Records for the task:
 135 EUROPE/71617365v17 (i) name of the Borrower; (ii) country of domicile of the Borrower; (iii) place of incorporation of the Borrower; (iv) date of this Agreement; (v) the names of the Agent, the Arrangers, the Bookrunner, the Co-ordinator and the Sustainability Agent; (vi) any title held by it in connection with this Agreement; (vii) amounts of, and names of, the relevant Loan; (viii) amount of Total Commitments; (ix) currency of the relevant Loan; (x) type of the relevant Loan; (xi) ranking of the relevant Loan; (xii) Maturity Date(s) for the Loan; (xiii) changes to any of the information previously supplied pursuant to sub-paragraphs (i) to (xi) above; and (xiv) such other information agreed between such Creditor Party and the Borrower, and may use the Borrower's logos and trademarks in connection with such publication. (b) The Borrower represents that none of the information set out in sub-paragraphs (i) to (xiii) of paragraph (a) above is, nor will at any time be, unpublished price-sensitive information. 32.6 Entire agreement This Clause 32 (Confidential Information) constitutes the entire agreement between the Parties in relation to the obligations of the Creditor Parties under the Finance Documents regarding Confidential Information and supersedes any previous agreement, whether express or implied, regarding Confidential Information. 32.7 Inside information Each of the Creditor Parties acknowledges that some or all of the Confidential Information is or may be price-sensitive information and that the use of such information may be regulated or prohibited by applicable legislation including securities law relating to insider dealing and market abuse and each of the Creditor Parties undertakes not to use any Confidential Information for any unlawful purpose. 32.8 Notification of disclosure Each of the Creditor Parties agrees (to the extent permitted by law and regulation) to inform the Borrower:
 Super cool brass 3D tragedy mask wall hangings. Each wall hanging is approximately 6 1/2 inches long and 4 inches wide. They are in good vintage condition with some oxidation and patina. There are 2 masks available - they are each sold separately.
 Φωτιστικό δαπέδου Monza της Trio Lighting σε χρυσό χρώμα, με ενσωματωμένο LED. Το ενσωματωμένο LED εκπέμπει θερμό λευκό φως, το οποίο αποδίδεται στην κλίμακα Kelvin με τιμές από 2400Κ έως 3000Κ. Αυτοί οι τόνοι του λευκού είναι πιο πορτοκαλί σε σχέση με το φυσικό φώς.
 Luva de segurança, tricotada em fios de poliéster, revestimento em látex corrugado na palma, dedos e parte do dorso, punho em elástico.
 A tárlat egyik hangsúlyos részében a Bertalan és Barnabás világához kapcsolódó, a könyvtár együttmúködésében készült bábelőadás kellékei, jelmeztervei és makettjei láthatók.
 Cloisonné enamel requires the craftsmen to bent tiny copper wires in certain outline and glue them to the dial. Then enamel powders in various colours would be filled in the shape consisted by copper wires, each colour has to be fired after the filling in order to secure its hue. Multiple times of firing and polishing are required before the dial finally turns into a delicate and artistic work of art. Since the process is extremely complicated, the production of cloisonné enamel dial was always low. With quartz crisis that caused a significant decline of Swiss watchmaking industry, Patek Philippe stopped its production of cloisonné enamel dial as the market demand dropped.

Task brief:
Take the lines above from the one containing "Luva de segurança, tricotada" to the one containing "A tárlat egyik" and retype them exactly, both ends included, with nothing added.

Task answer:
 Luva de segurança, tricotada em fios de poliéster, revestimento em látex corrugado na palma, dedos e parte do dorso, punho em elástico.
 A tárlat egyik hangsúlyos részében a Bertalan és Barnabás világához kapcsolódó, a könyvtár együttmúködésében készült bábelőadás kellékei, jelmeztervei és makettjei láthatók.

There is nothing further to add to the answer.